Buttercup's Baby has been a running joke since the original novel was published. I think at one point you could actually write to the publisher and have it sent to you, but instead of a book you got a letter of apology explaining that it didn't exist.
The first chapter of Buttercup's Baby is in one of the later editions.
Yeah, no, apparently Goldman has been trying for a while to write a sequel, but it never works.
His quibbles are my quibbles!
That reviewer calls it thoughtful, which I just can't. Way too much handwavium, and no little bullying of the audience to just stop thinking so hard and just shut up and accept the ride.
Even though the ending risked going up in literal flames, hell, I'd call the ultimate failure of Sunshine more thoughtful than this seemed to be. They both collapse under their own weight, but Sunshine sure went out of its way to tip the whole thing over, whereas Looper just doesn't have a stable base.

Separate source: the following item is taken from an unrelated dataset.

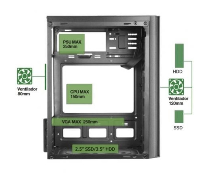 Características:. . Diseño. Caja de ordenador compacta Micro-ATX / Mini-ITX de alto rendimiento diseñada para ofrecer una estética minimalista y elegante, con una gran funcionalidad y una refrigeración sobresaliente. Cuenta con un frontal de con una malla completa de refrigeración y un acabado negro profesional que encaja perfectamente en contextos tanto domésticos como de oficina.. . Prestaciones. Dispone de una estructura totalmente optimizada y actualizada a las últimas tendencias para un montaje fácil y accesible ofreciendo, además, una total conectividad para tus periféricos. Dispone de multiples bahías internas para diferentes combinaciones de discos duros (2 x 2.5" SSD o 2 x 3.5" HDD).. . Conectividad. Cuenta con puerto USB 3.0, USB 2.0, micrófono y audio HD en el panel frontal que te permiten conectar tus periféricos con total comodidad.. . Refrigeración. Aparte de su rejilla frontal completa, cuenta con un amplio soporte para ventilación, permitiéndote instalar un ventilador frontal y otro lateral de 12cm, además de uno de 8 cm en la parte trasera.. . Fuente de alimentación de 500W. . Incluye una fuente de alimentación de última generación SMD de 500W equipada con un ventilador de 12cm ultrasilencioso de 14dB, con un sistema antivibraciones. Completamente negra y con cables negros para mantener una estética perfecta. Además, cuenta con una eficiencia energética estable del 85% y todas las protecciones de seguridad y las certificaciones europeas, garantizando el mejor rendimiento y estabilidad para tu PC.. Especificaciones:. Tipo: Caja Mini Torre. Placas: MicroATX / Mini-ITX. Estructura: Optimizada con múltiples bahías para un montaje fácil y accesible. Conectividad: USB3.0 x1 / USB2.0 x1 / HD Audio + Mic. Bahías: 2x 3.5"" HDD / 2x 2.5"" SSD. Ventilación: 1x 120mm frontal, 1x 120mm lateral, 1x trasero 80mm. Ranuras de expansión: 4. VGA: 250mm. CPU: 145mm. Fuente de alimentación: 500W ATX con ventilador de 12cm. Conectores: 1xATX 20+4pin/ 1x EPS 4+4pin/2x SATA/2x PATA. Dimensiones: 291x188x345

I loved the moment (in Looper) when the door opened (that could have a couple ways to finish the sentence, huh?) to reveal Garrett Dillahunt. Raising Hope aside, the audience knew shit just got a whole lot realer, and reacted appropriately.

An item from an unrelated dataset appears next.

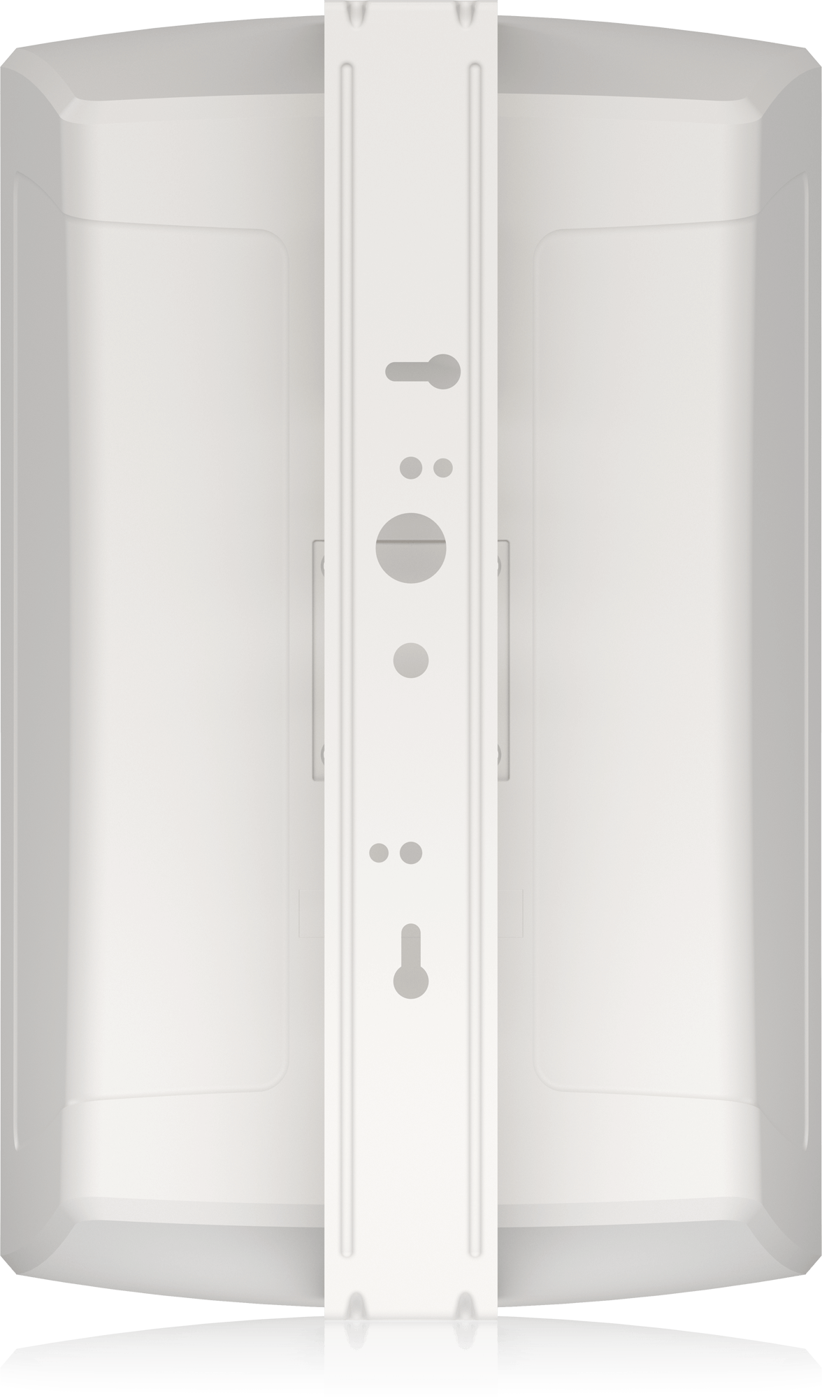 На задней панели также предусмотрен съёмный герметичный аудиоразъём на винтовых клеммах. Передняя часть АС защищена решёткой из стали покрытой порошковым окрасом. Корпус выполнен из всепогодного ABS-пластика, IP65. Габаритные размеры 410x260x306 мм, вес 7,82 кг. Монтаж настенный на кронштейн в комплекте. Цвет белый.

Tim Burton: How did it all go so wrong so fast?
I saw a lot more character growth of the main character in Looper than Drive.
I don't know, I don't see all that much in Looper either. It's slight change on one axis.
Does Drive have the logical consistency of a wet piece of toiler paper, which runs the risk of undermining any narrative arcs they're trying to convey?
I would say no, but I wouldn't describe Looper that way either so I doubt my verdict is of much use.
Strega,
just going from the final acts of the main character in both movies, don't you find that watching them involved a lot more movement of the character and his worldview and individual perspective about life in Looper than in Drive?
I mean in Looper, you have the character greeting himself so you know the two ways he could live his life. He was a seriously selfish asshole until he hit middle-age (and even then, I would gather he was still as self-centered as fuck). Not so in the final act.
In Drive, I didn't get that he was so self-centered. We saw him crush on a cute woman almost from jump street. He didn't vary from that. We first saw him as a driver and he ended as a driver. Sure he committed some acts of violence in between, but his main love always remained. I saw the main character of Drive as someone who acted as mostly a response to circumstances, where in Looper, he very much created and acted upon the circumstances.
Strega, you didn't think Looper had little logical consistency, or you think it had enough to get by?
I thought Looper had jst enough to get by. I was taken enough by the characters and some of the world-building that I didn't mind doing some hand-waving.